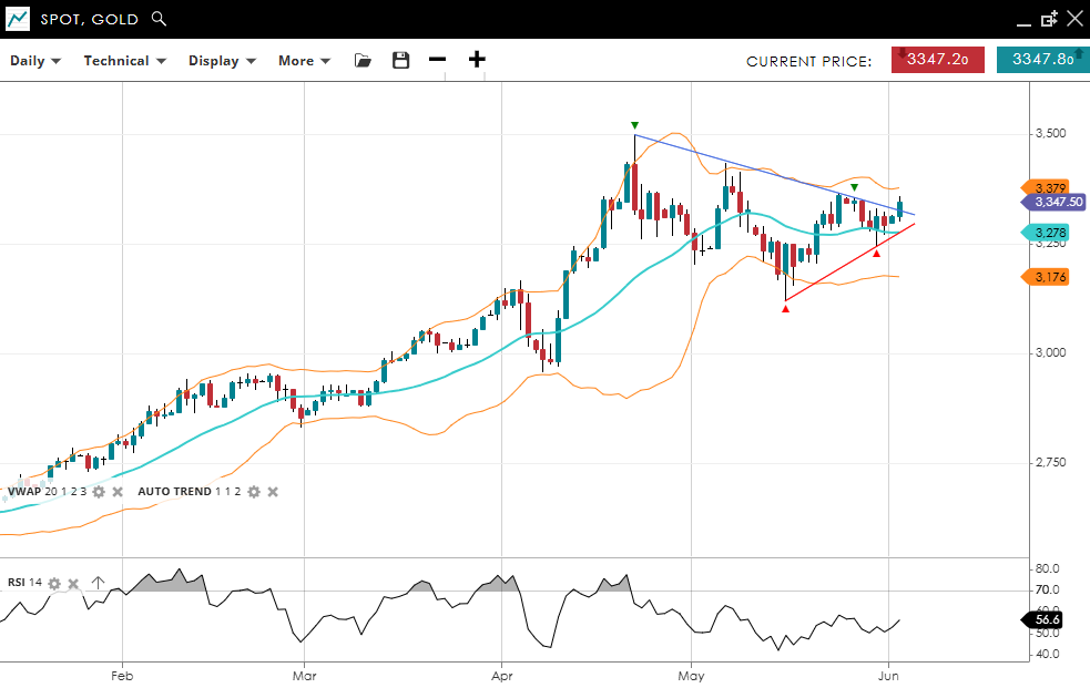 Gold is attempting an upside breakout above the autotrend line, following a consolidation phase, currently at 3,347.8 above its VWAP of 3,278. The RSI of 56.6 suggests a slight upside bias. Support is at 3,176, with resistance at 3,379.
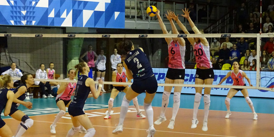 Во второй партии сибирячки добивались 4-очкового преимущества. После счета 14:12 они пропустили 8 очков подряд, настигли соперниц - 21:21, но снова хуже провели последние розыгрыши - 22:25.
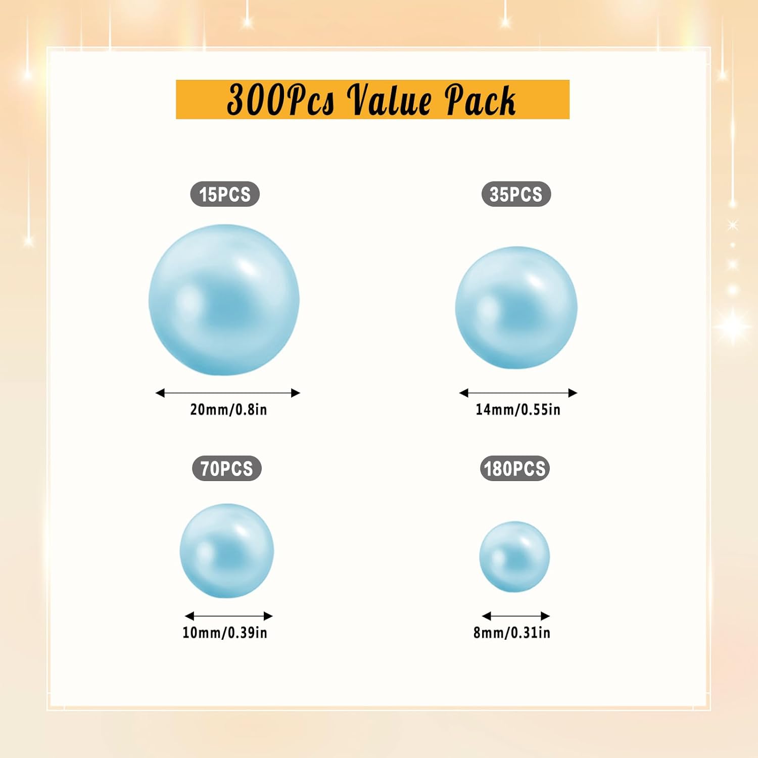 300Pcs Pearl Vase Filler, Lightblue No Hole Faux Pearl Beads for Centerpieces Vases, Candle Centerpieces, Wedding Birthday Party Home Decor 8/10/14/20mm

...

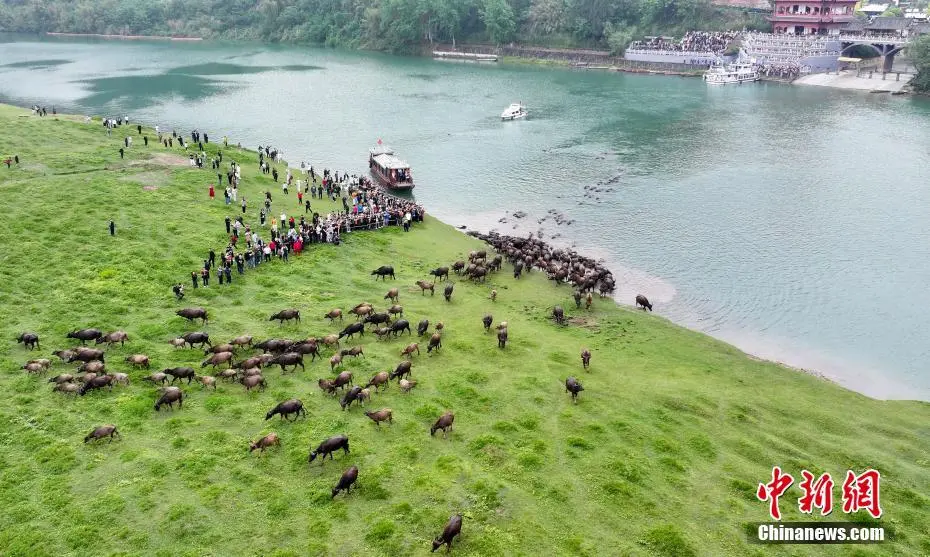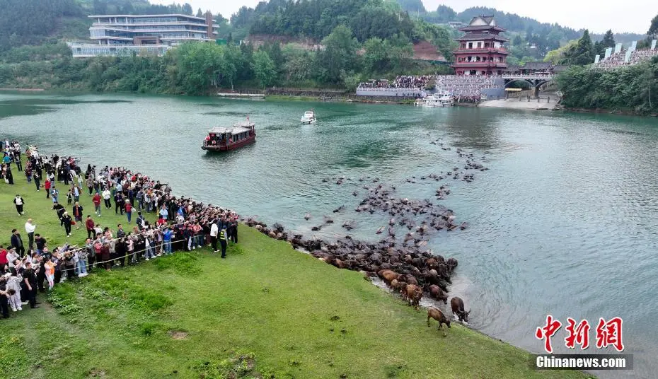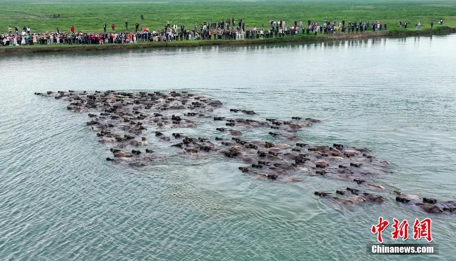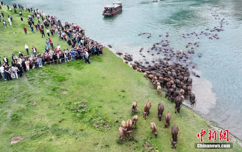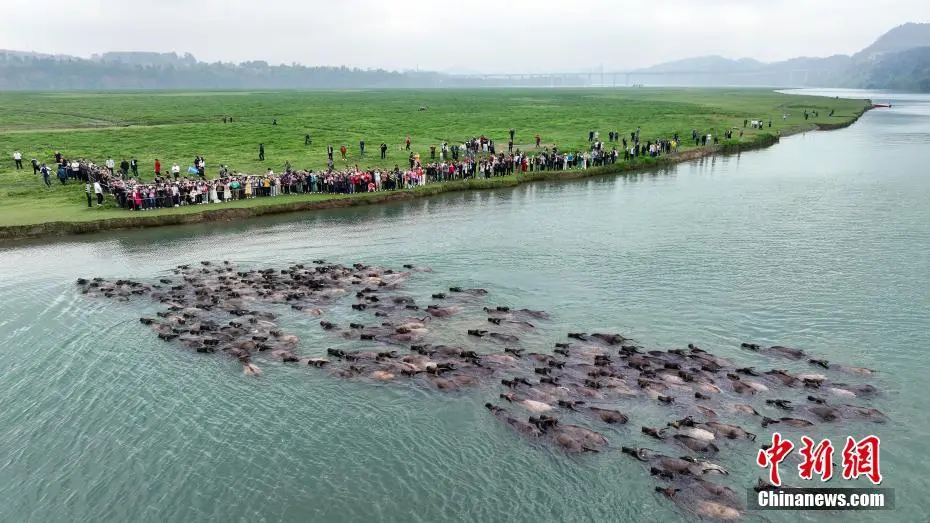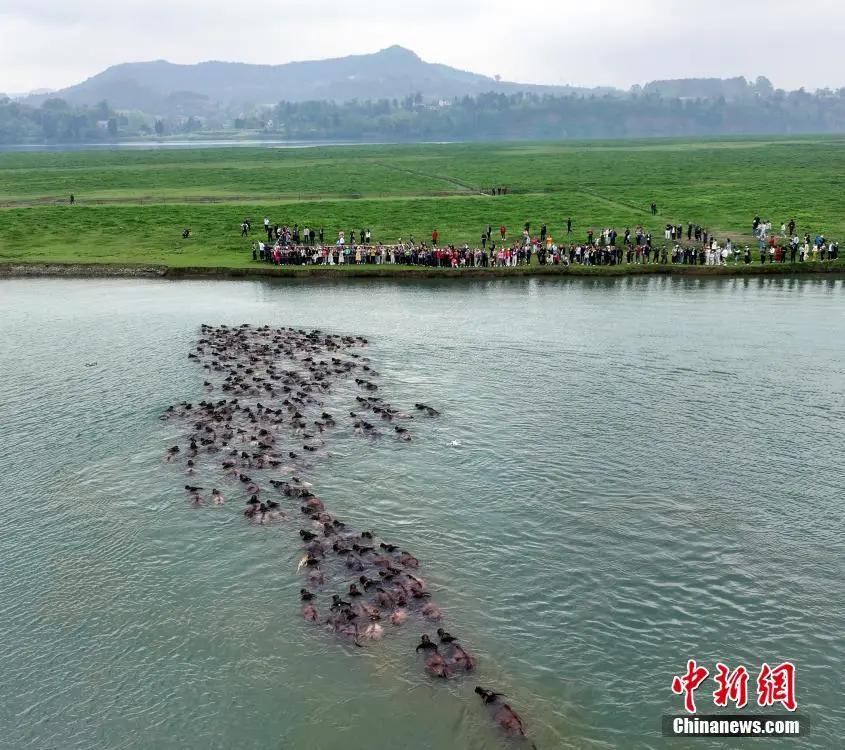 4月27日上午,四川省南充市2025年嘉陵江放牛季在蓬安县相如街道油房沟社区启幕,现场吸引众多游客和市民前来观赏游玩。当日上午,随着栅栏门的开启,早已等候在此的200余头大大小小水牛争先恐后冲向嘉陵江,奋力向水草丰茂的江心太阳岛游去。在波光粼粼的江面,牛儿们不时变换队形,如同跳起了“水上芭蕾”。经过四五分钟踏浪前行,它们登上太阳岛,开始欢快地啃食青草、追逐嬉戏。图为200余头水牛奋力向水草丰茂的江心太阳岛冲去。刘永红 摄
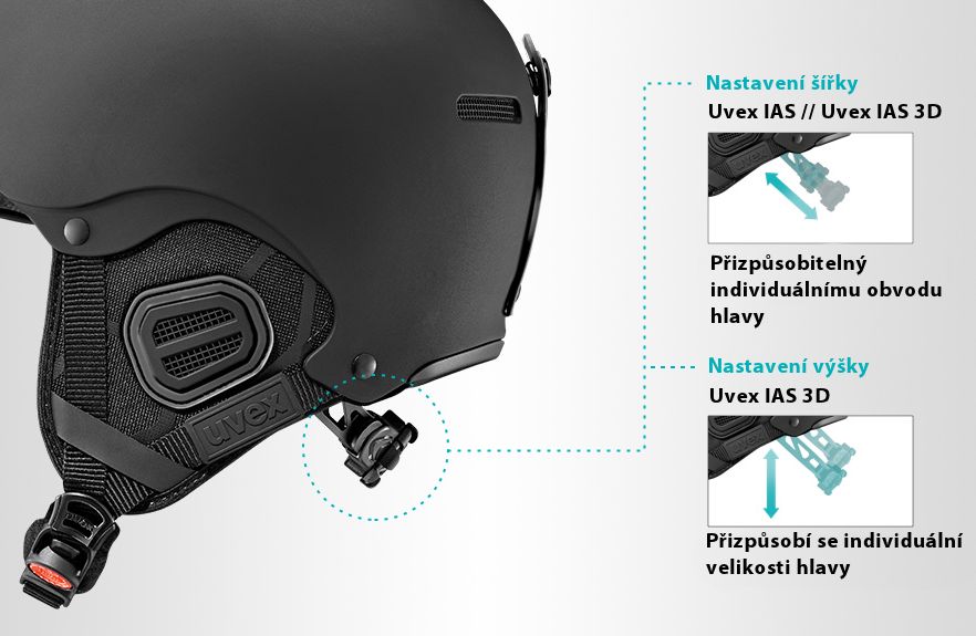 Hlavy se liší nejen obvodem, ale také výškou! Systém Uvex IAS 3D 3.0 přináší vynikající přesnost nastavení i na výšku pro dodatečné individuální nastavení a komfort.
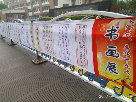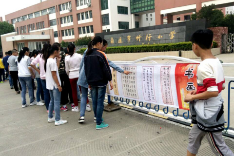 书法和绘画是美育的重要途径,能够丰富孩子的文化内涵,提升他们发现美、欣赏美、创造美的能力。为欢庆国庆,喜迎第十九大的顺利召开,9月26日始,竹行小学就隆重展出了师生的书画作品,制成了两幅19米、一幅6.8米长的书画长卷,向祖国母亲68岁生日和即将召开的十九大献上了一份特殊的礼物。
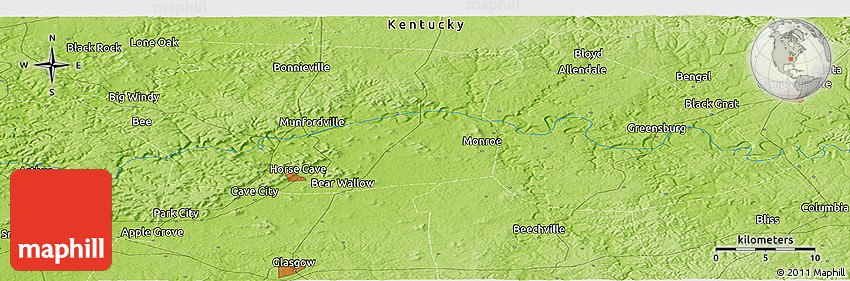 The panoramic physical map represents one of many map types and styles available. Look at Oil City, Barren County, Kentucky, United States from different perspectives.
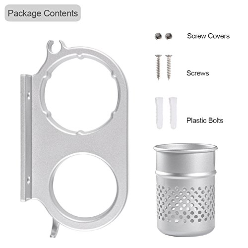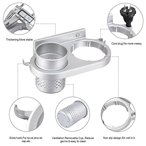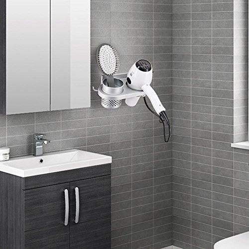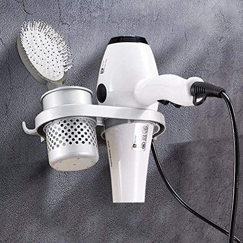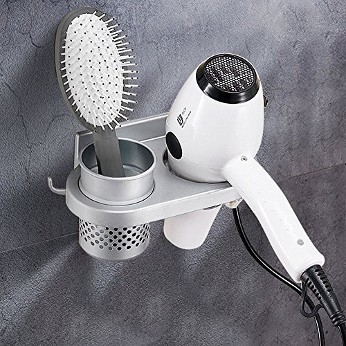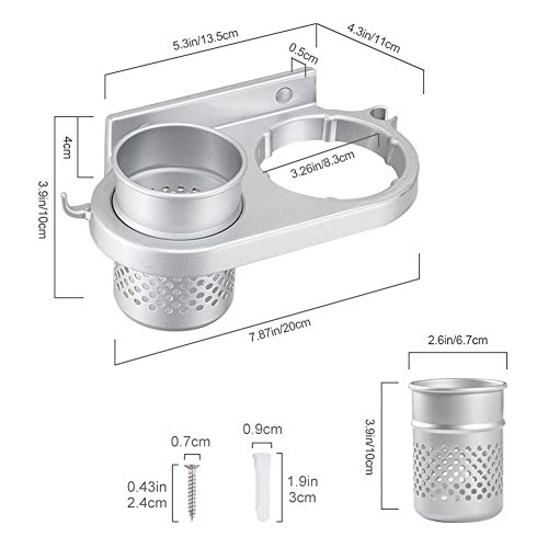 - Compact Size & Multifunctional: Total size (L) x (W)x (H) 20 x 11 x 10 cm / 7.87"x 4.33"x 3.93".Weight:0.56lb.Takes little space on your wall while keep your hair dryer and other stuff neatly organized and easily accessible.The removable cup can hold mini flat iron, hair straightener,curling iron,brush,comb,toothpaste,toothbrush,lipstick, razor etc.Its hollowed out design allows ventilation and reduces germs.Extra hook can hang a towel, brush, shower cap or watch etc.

▶ [TASK ITEM]:
Please print the lines above word for word, starting at the one with "The panoramic physical" and ending at the one with "- Compact Size", both included, and without any picture.

▶ [SOLUTION BELOW]:
 The panoramic physical map represents one of many map types and styles available. Look at Oil City, Barren County, Kentucky, United States from different perspectives.
 - Compact Size & Multifunctional: Total size (L) x (W)x (H) 20 x 11 x 10 cm / 7.87"x 4.33"x 3.93".Weight:0.56lb.Takes little space on your wall while keep your hair dryer and other stuff neatly organized and easily accessible.The removable cup can hold mini flat iron, hair straightener,curling iron,brush,comb,toothpaste,toothbrush,lipstick, razor etc.Its hollowed out design allows ventilation and reduces germs.Extra hook can hang a towel, brush, shower cap or watch etc.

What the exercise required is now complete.